Побывав на бывшей квартире, Катерина Ивановна вернулась к себе. Вот как – к себе, да-да: от себя – к себе. Хотя какая она здесь хозяйка? Квартирантка. Думала ли, предполагала ли когда, что на старости лет будет жить, как набежит, да еще и у чужих людей. Хозяйка, Софья Адамовна, правда, женщина простая и сносная, встретила ее вежливо, как старую знакомую. Вот, говорит, твоя комната. Живи. Столом на кухне будем пользоваться одним. Нам хватит. Телевизор бери свой, ведь мой никуда не годен, так, может быть, и я когда гляну. Можно было подумать, что у Катерины Ивановны лучший. Однако промолчала, не возразишь ведь. Кровать забрала свою. Остальное, сказала хозяйка, у нее все есть. А то, мол, не повернемся, будем ходить впритирку. Софья Адамовна посоветовала лишние вещи продать, что Катерина Ивановна и сделала: Колька быстро провернул эту операцию, а вырученные деньги принес ей. Конечно ж, и прикарманил чуток, не без того, но она и внука понимала: ему теперь нужны деньги, поскольку активно развивает, как говорит, свой бизнес.

Все бы и хорошо, все бы и благородно было, если бы не одно обстоятельство. К Катерине Ивановне пришло такое чувство, будто начинает жизнь сызнова, и она не знала, радоваться этому или печалиться. Когда-то она уже так начинала жить, только была тогда молодой и красивой, работала на фабрике «8 Марта» швеей-мотористкой, а приехала в город из Бахмача, из соседней Украины. И как раз вот так, как теперь, жила у одинокой старушки. А тогда встретилась в троллейбусе с курсантом военного училища, и судьба ее была решена: она стала женой будущего офицера. Боже, словно вчера все было! А в промежутке между прежним и нынешним ее постоем на квартире выросли дети, внуки, не стало сына, умер муж. Все вместилось в короткий промежуток времени, в такой короткий, что нельзя не согласиться: жизнь – всего лишь миг, она стремительна и невероятно быстра. Ну, будто течение горной реки!..

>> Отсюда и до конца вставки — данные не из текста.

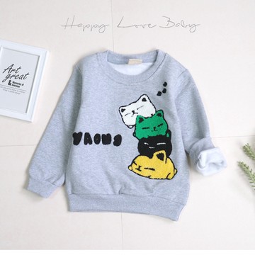 厚款 繽紛睡覺貓咪刷毛上衣 秋冬童裝 男童上衣 男童長袖 男童棉T 男童T恤 長袖上衣 刷毛上衣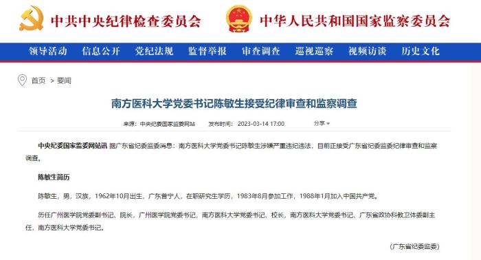 3月14日,中央紀(jì)委國家監(jiān)委發(fā)布兩則涉及醫(yī)藥衛(wèi)生領(lǐng)域干部被查的消息,落馬官員分別為南方醫(yī)科大學(xué)黨委書記陳敏生,廣西壯族自治區(qū)醫(yī)療保障局原黨組書記、局長王忠平。

Софья Адамовна заядлая дачница, поэтому летом и до первых заморозков живет где-то за городом. Катерина Ивановна пока не ездила, хотя и было желание глянуть, что уж у нее там за фазенда, хвалится больно, чего только там нет. И земля хорошая. Кол воткни – будет расти. Сумки едва дотаскивает с участка – тяжелы, Катерина Ивановна сочувствует Софье Адамовне: ну, и надо ли тебе, почтенная, лишняя забота на старости лет? А та стоит на своем, и твердо: надо, и не отговаривай, и не возражай! Если бы не воздух, если бы не ковыряние на грядках, она б, наверное, и не жила уже. В это Катерина Ивановна слабо верила, ведь она же сама как-то вот живет и здравствует, хотя дачи у нее никогда не было и теперь уже, понятно, не будет.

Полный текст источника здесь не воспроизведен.